*** SUPPLIED ENTRIES Section Begins ***

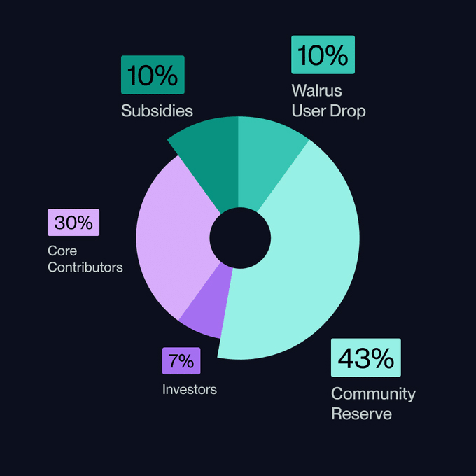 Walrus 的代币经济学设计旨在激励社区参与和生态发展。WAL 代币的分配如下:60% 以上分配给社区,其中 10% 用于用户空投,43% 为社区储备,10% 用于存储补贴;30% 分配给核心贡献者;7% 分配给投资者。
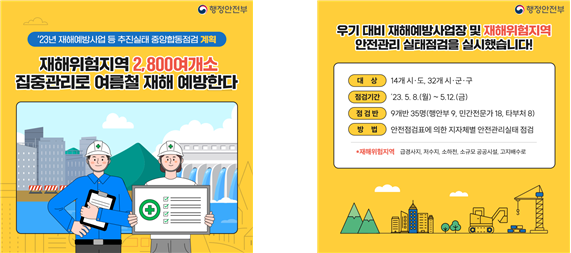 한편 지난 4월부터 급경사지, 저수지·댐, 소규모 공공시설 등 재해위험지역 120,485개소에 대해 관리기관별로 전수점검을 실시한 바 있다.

*** SUPPLIED ENTRIES Section Ends ***
*** SUPPLIED ENTRIES Section Begins ***

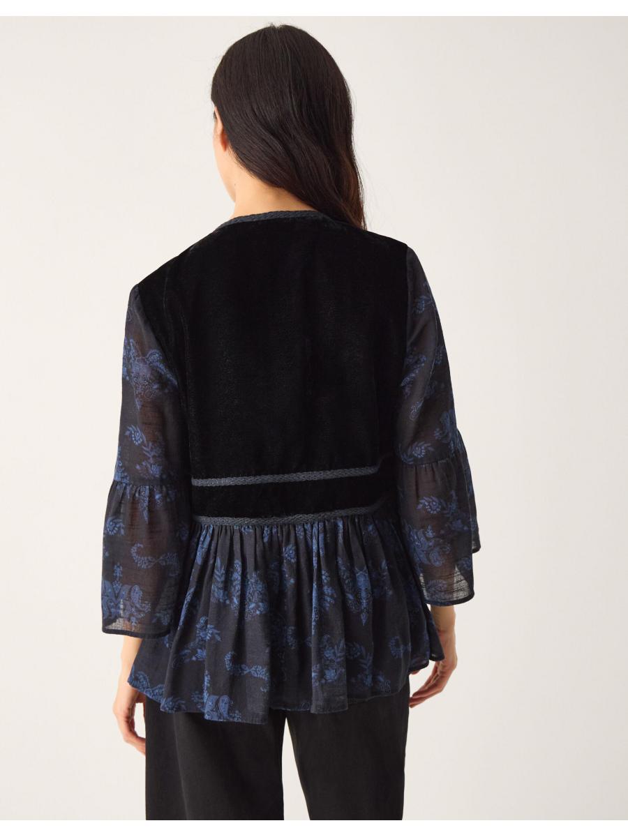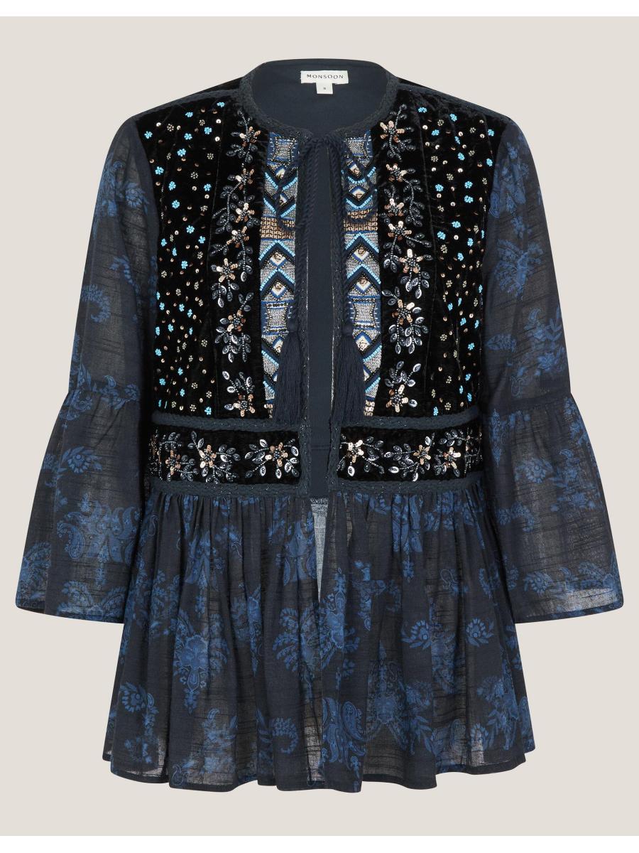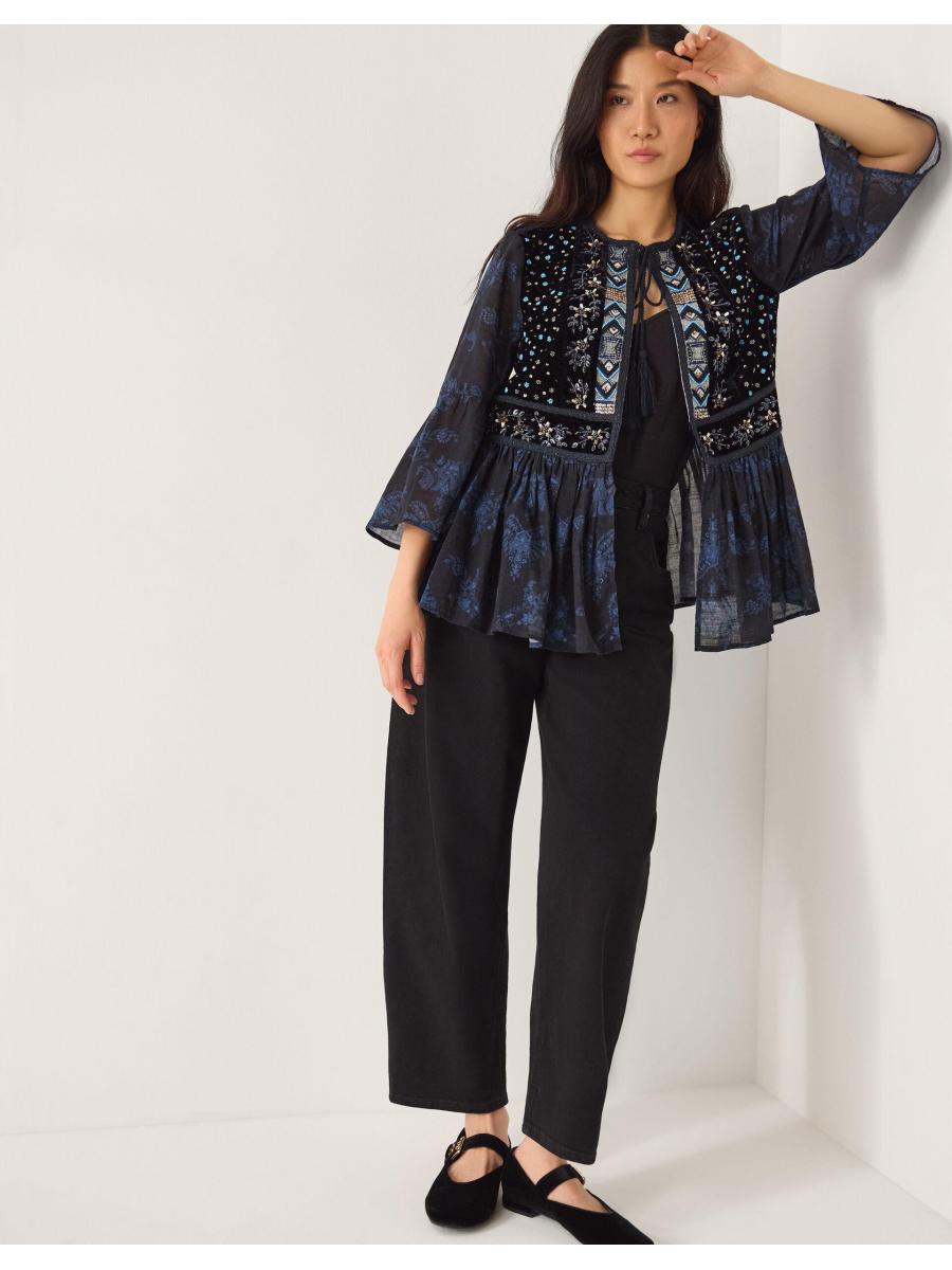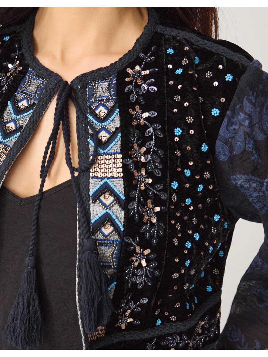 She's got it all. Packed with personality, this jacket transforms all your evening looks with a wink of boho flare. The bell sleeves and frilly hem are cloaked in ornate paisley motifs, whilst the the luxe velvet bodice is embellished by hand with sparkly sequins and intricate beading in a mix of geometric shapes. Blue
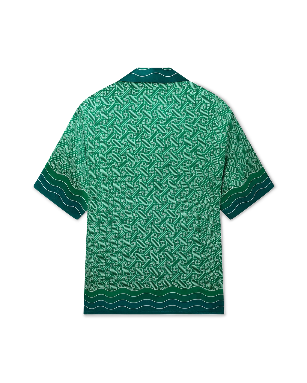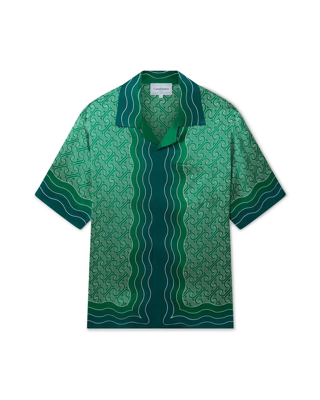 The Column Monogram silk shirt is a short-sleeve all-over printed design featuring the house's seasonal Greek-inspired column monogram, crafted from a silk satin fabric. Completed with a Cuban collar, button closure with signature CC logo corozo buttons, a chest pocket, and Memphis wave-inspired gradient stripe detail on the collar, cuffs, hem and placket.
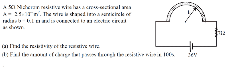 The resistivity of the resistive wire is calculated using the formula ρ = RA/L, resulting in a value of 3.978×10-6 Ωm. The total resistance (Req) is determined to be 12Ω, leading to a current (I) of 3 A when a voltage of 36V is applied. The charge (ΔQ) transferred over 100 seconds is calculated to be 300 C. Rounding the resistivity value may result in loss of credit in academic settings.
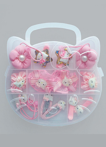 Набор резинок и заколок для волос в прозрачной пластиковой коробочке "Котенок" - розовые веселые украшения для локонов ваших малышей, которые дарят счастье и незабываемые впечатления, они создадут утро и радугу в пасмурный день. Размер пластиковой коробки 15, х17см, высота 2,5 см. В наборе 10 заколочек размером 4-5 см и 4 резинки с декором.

*** SUPPLIED ENTRIES Section Ends ***
*** SUPPLIED ENTRIES Section Begins ***

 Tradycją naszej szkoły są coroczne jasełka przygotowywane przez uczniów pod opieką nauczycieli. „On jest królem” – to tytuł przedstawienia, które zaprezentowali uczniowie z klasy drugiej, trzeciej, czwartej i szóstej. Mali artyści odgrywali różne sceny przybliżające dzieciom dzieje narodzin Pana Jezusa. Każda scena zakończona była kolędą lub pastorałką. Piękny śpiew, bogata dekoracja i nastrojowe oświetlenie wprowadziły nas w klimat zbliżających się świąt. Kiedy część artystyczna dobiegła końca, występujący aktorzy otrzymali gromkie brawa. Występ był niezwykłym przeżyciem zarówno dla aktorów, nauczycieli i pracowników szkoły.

*** SUPPLIED ENTRIES Section Ends ***

**TASK GOAL:** What are the lines in the records above, word for word, from the one containing "Walrus 的代币经济学设计旨在激励社区参与和生态发展。WAL 代币的分配如下:60%" through the one containing "한편 지난 4월부터 급경사지, 저수지·댐, 소규모", both ends included and pictures left out?

**FINAL ANSWER:**
 Walrus 的代币经济学设计旨在激励社区参与和生态发展。WAL 代币的分配如下:60% 以上分配给社区,其中 10% 用于用户空投,43% 为社区储备,10% 用于存储补贴;30% 分配给核心贡献者;7% 分配给投资者。
 한편 지난 4월부터 급경사지, 저수지·댐, 소규모 공공시설 등 재해위험지역 120,485개소에 대해 관리기관별로 전수점검을 실시한 바 있다.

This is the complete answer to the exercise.